Er zijn twee primaire vormen van longkanker: kleincellige longkanker (small cell lung cancer, SCLC) en niet-kleincellige longkanker (non-small cell lung cancer, NSCLC). Hoewel SCLC minder vaak voorkomt dan NSCLC, is het agressiever en verspreidt het zich snel (metastaseert) over het hele lichaam. SCLC vertegenwoordigt ongeveer 15% van alle longkankerdiagnoses in de Verenigde Staten per jaar.

Door de snelle groei en verspreiding is de kanker in 60% van de SCLC-gevallen al uitgezaaid naar andere gebieden in het lichaam tegen de tijd dat de diagnose wordt gesteld. Veel voorkomende plaatsen voor uitzaaiing zijn de lymfeklieren, lever, botten, bijnieren en hersenen. Wanneer SCLC uitzaait, kan de kanker symptomen veroorzaken die niet typisch worden geassocieerd met longkanker, waaronder botpijn, toevallen, verwardheid en verlamming.

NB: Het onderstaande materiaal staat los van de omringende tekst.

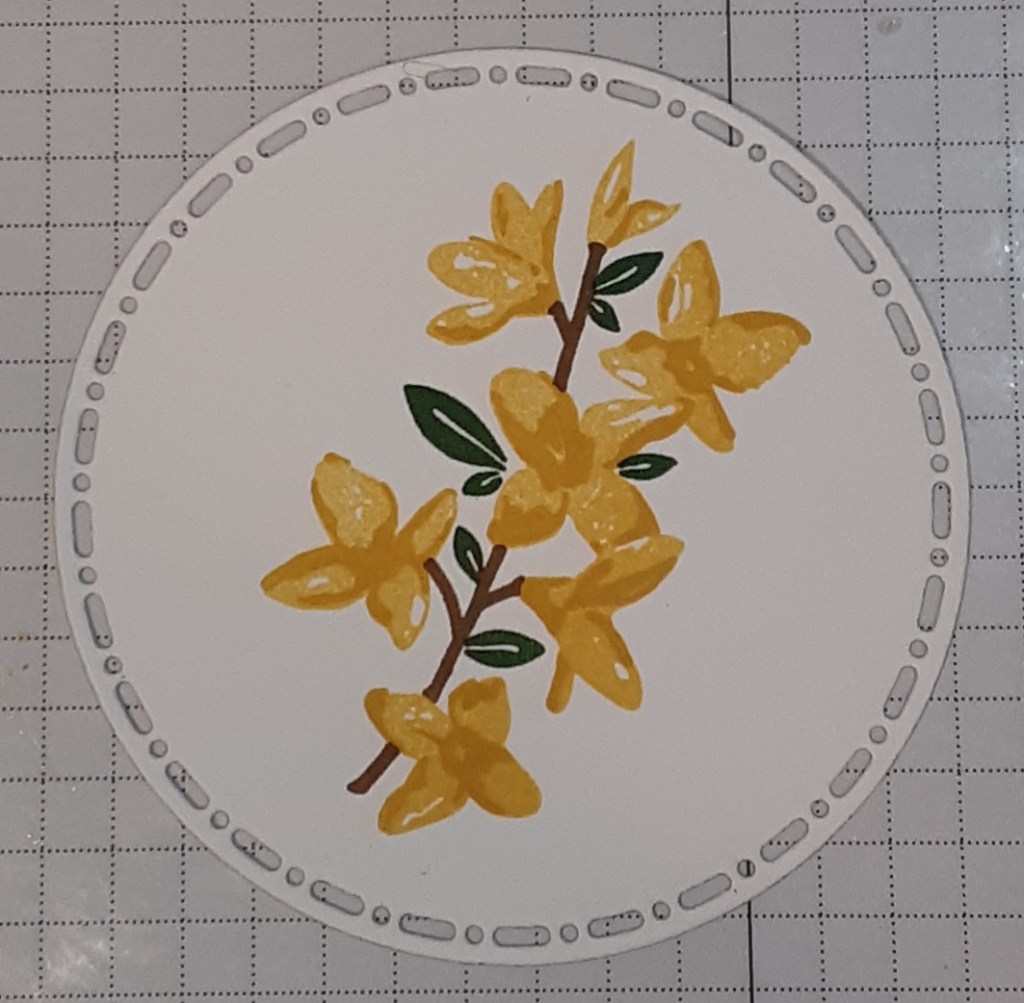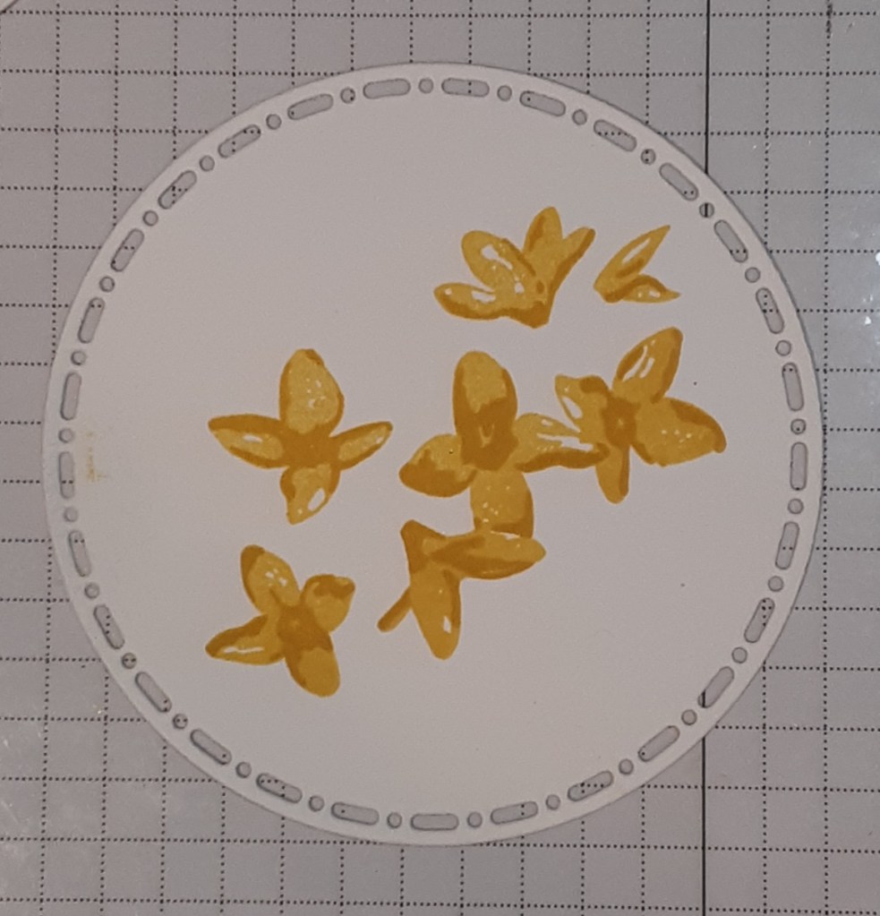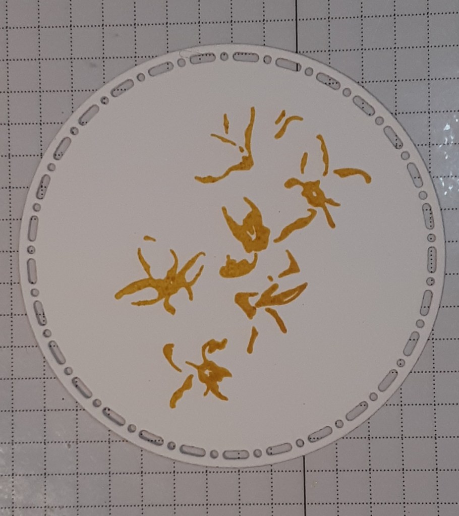 I die cut a circle from Spotlight on Nature dies in Basic White cardstock. In the middle of this circle, I stamped the detail image from Delightful Wishes stamp set in Crushed Curry ink. I find it easier to line up the lighter images once the darker image is down. It doesn’t look like much at this point.
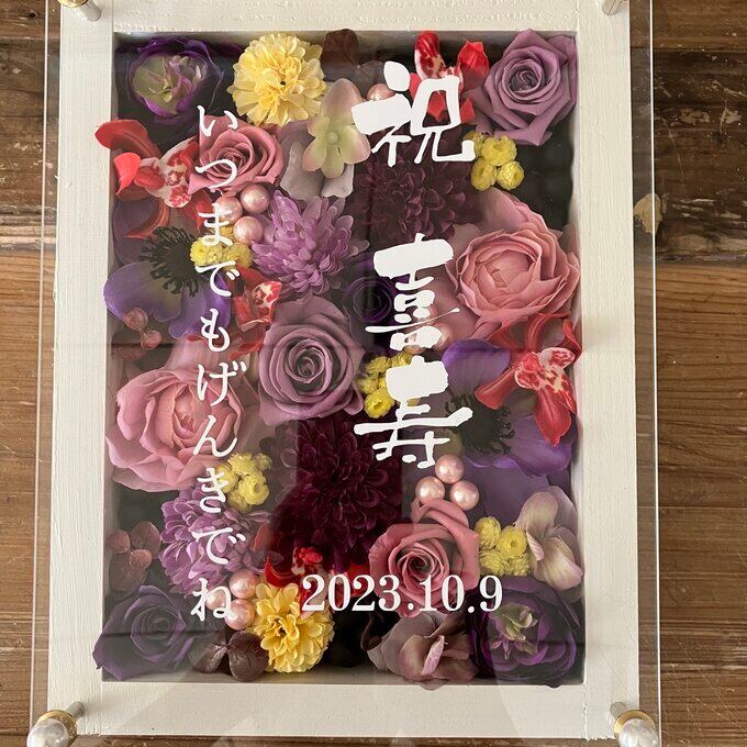 優雅で華やかなパープル、赤、イエローの花々を木枠にアレンジし、
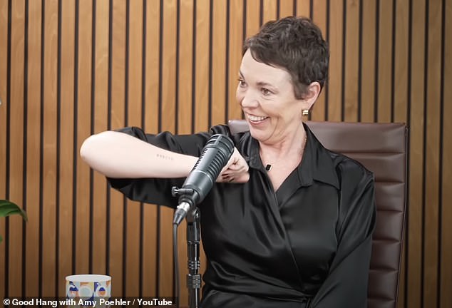 Olivia has said that the actress inked ‘the initials of my loved ones’ on her left arm using a stick-and-poke tattoo kit (pictured together in The Lost Daughter)
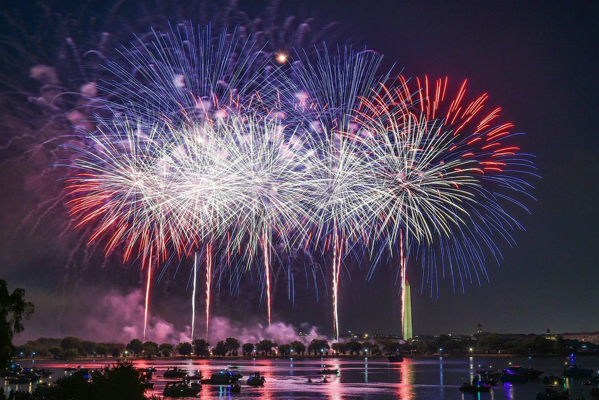 …. aboard a private boat;…. the monuments by moonlight;…. with the best view of the fireworks in Washington, D.C.
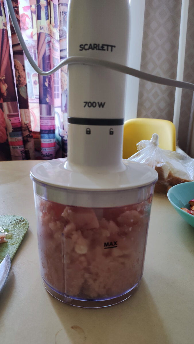 Вчера мы с Тасей ходили в гости к бабушке (моей маме) и взяли у нее на временное пользование блендер. Наш блендер с маленькой, узкой чашей и подходит в основном для пюрирования небольшого количества ягод, варёных овощей. Хорош он для приготовления смузи, справляется с измельчением сырых круп для каши - риса, гречки. В мамином блендере чаша широкая, плюс можно присоединить погружную часть. Я разморозила две ̶ф̶и̶л̶е̶н̶о̶е̶ ̶к̶у̶р̶е̶ куриные филешки, измельчила их в мамином блендере, добавила мелко натёртую морковь, яйцо, немного соли. Фаршик получился совсем не такой, как в мясорубке, более мягкий и нежный. Я довольна. Из части фарша накатала малюсеньких фрикаделек и сварила Тасе супчик - фрикадельки, одна мелко порезанная картошка, макарошки-звёздочки. Супчик Тасе понравился. Из остального фарша сделала около десяти котлеток и несколько маленьких фрикаделек. Всё это сложила на доску и отправила в морозилку. Из фрикаделек потом можно сварить супчик, а котлетки по одной-две штучки
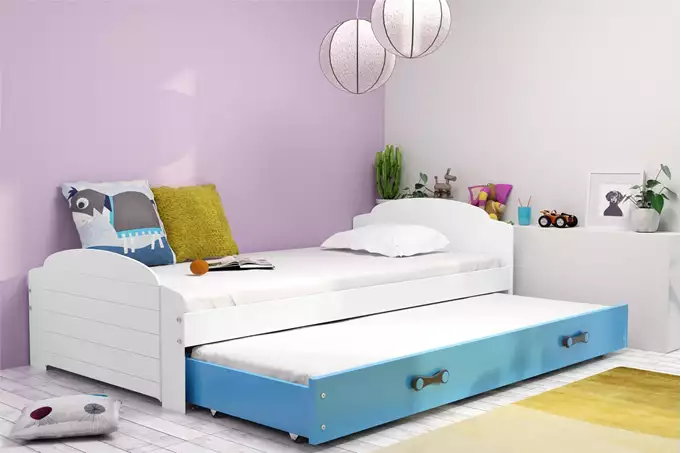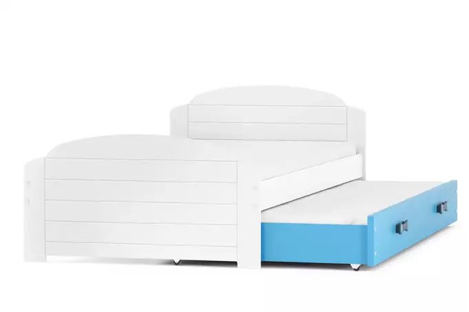 LILI 90X200 jaunimo išskleidžiama lova su čiužiniu ir stalčiumi, balta/mėlyna
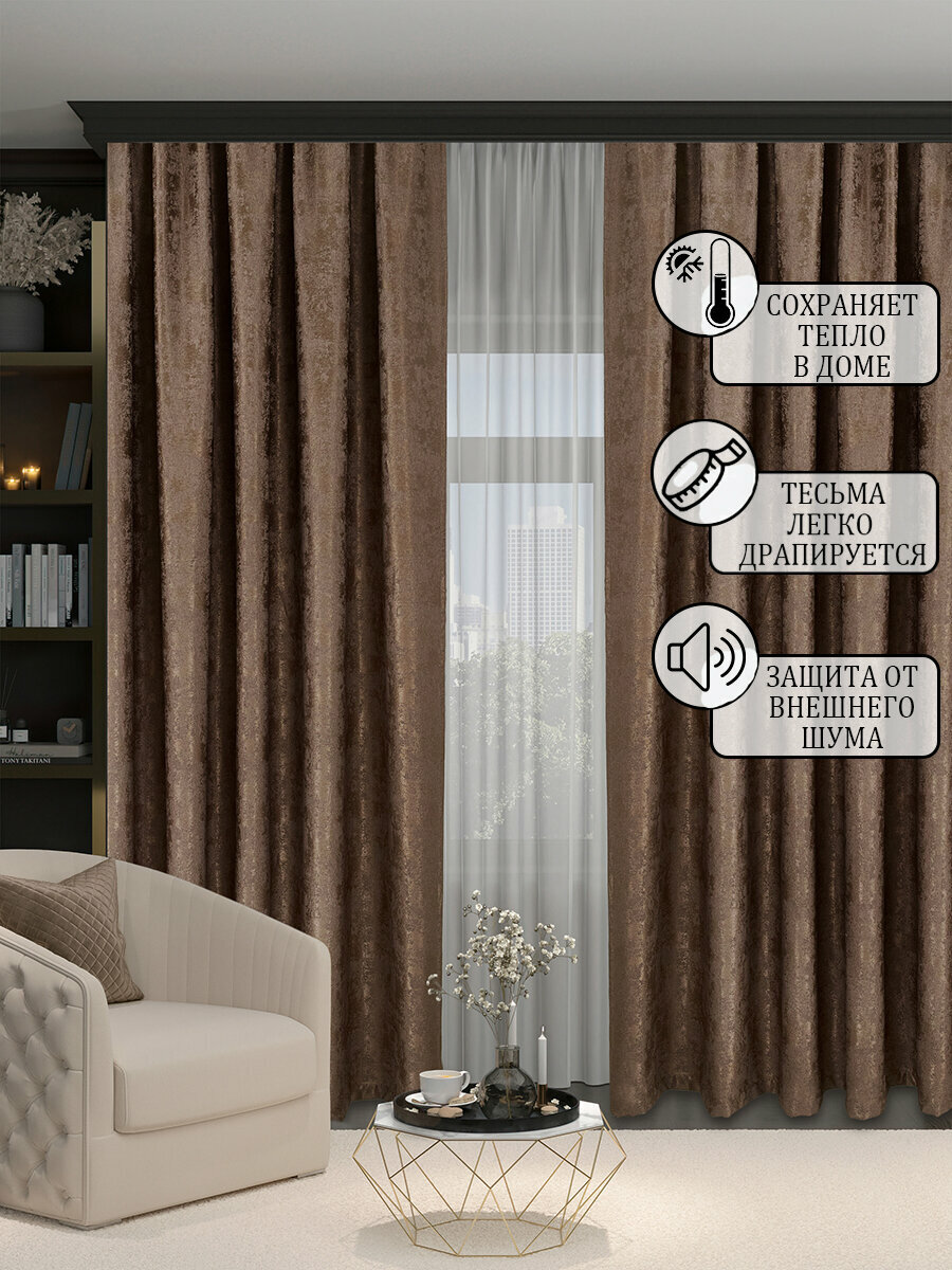 СохранитьГотовая плотная интерьерная штора(портьера) софт мрамор 250x210 см.(1шт.) коричневый, бронзовый интересное:
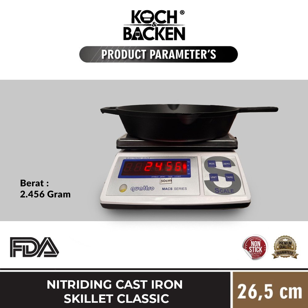 KOCH&BACKEN Cast Iron Skillet Clasic Preseasoned 26,5cm
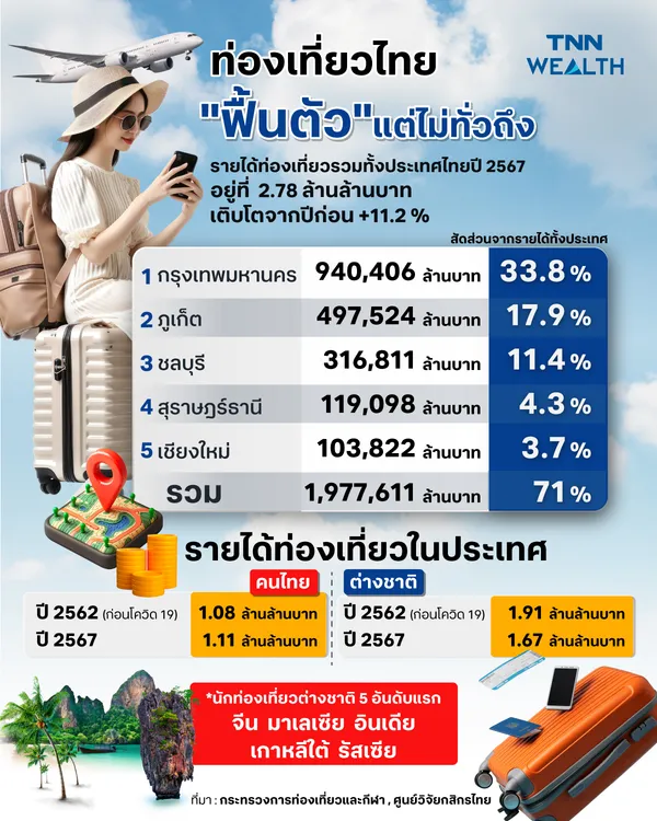 เนื่องจากรายได้ท่องเที่ยวรวมทั้งประเทศไทยปี 2567 อยู่ที่ 2.78 ล้านล้านบาท เติบโตจากปีก่อน +11.2 %

Tabak roken is de belangrijkste risicofactor voor SCLC, verantwoordelijk voor 98 procent van alle SCLC-diagnoses. De beste preventieve strategie is om niet te roken, en als u dat wel doet, zo snel mogelijk te stoppen.

Behandelingen voor SCLC omvatten chemotherapie en bestraling. Vanwege de hoge kans op uitzaaiingen wordt chirurgie zelden aanbevolen. In zeer vergevorderde gevallen van SCLC kunnen behandelingen (waaronder chemotherapie en bestraling) effectief zijn in het verlichten van symptomen en het verbeteren van de kwaliteit van leven.

“Hoewel SCLC de neiging heeft snel te groeien, krimpt het vaak snel als reactie op chemotherapie, bestralingstherapie, of beide,” zei Henry Park, MD, MPH, een bestralingsoncoloog op de afdeling Therapeutische Radiologie. “Het is belangrijk om zo snel mogelijk na een diagnose van SCLC een medisch oncoloog en een bestralingsoncoloog te zien, zodat de behandeling meteen kan worden gestart.”